A promising strategy seemed to be to attack a region in the Ottoman Empire
known as the Dardanelles. This narrow sea strait was the gateway to the Ottoman
capital, Constantinople. By securing the Dardanelles, the Allies believed that
they could take Constantinople, defeat the Turks, and establish a supply line
to Russia. They might even be able to mount an offensive into the Austrian
heartland by way of the Danube River.
The
effort to take the Dardanelles strait began in February 1915. It was known as
the Gallipoli campaign. British, Australian, New Zealand, and French troops
made repeated assaults on the Gallipoli Peninsula on the western side of the
strait. Turkish troops, some commanded by German officers, vigorously defended
the region. By May, Gallipoli had turned into another bloody stalemate. Both
sides dug trenches, from which they battled for the rest of the year. In
December, the Allies gave up the campaign and began to evacuate. They had
suffered about 250,000 casualties.
Despite
the Allies’ failure at Gallipoli, they remained determined to topple the Ottoman
Empire. In Southwest Asia, the British helped Arab nationalists rise up against
their Turkish rulers. Particularly devoted to the Arab cause was a British
soldier named T.E. Lawrence. Better known as Lawrence of Arabia, he helped lead
daring guerilla raids against the Turks. With the help of the Arabs, Allied
armies took control of Baghdad, Jerusalem, and Damascus.
In
various parts of Asia and Africa, Germany’s colonial possessions came under
assault. The Japanese quickly overran German outposts in China. They also
captured Germany’s Pacific island colonies.
In
July 1918, the Allies and Germans clashed at the Second Battle of Marne.
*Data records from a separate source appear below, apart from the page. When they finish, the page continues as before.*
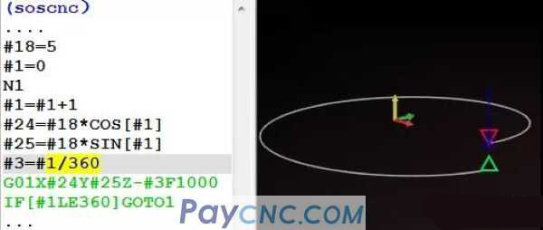 #1 self-increment, the range of 0~360 will be a whole circle, so the process of #1 self-increment will also gradually change the value in the Z direction. If I assign the value of #1 directly to #3, that is: #3=#1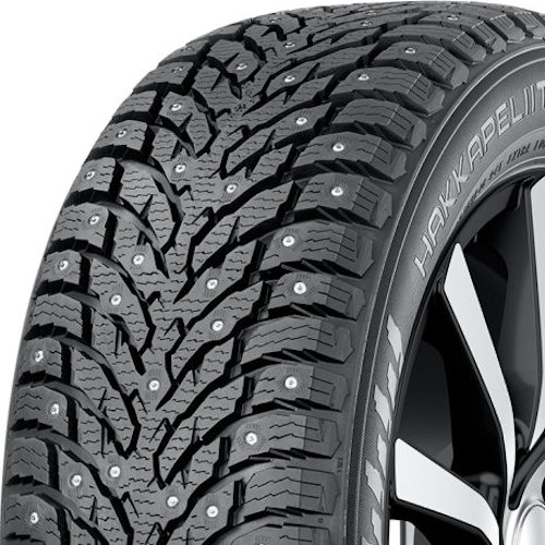 The Nokian Hakkapeliitta 9 tire with studs is the newest Nokian winter tire with excellent traction for the broad range of snow, ice and bare road conditions. This is a good tire choice for anyone that lives in a climate with unpredictable winter weather. In addition to the studs, the Nokian Hakkapeliitta 9 with studs has tread features like open grooves for snow traction, plenty of sipes for biting edges on ice, and a pliable tread rubber that stays soft on extremely cold dry roads. Even without studs, the latest generation Nokian Hakkapeliitta 9 will impress you with remarkable handling on wet and dry roads, and a sport performance tire feel on dry cold winter roads. When you add in the factory installed studs, this is a very safe tire in all conditions, and a great winter tire option for a large range of cars and CUVs. The Hakkapeliitta 9 series, with or without studs, leads in many Consumer Reports winter tire performance tests, and is absolutely the latest and greatest winter tire from the leader in premium winter tires.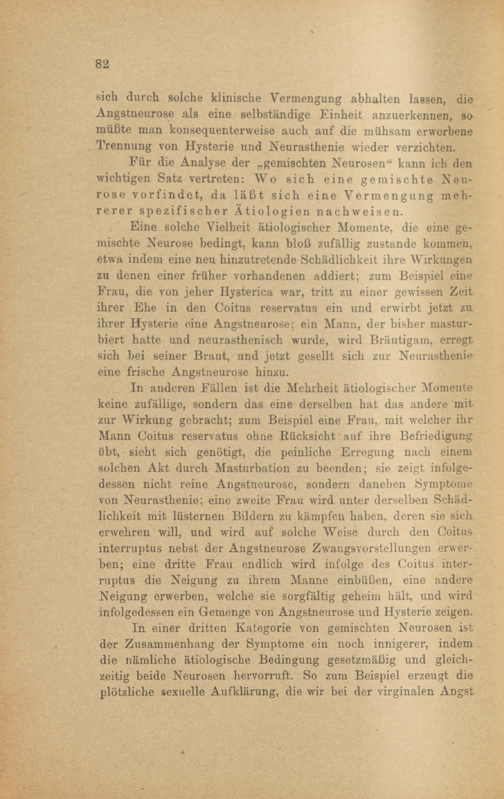 infolgedessen ein Gemenge von Angstneurose und Hysterie zeigen.In einer dritten Kategorie von gemischten Neurosen ist

Leading the Allied attack were some 350 tanks that rumbled slowly forward,
smashing through the German lines. With the arrival of 2 million more American
troops, the Allied forces began to advance steadily toward Germany.
Soon,
the Central Powers began to crumble. First the Bulgarians and then the Ottoman
Turks surrendered. In October, a revolution in Austria-Hungary brought that
empire to an end. In Germany, soldiers mutinied, and the public turned on the Kaiser.
On
November 9, 1918, Kaiser Wilhelm II was forced to step down. Germany declared
itself a republic. A representative of the new German government met with
Marshal Foch. In a railway car in a forest near Paris, the two signed an
armistice, or an agreement to stop fighting. On November 11, World War I came
to an end.
After
four years of slaughter and destruction, the time had come to forge a peace
settlement. Leaders of the victorious nations gathered outside Paris to work
out the terms of peace. While these leaders had come with high hopes, the peace
settlement they crafted left many feeling bitter and betrayed.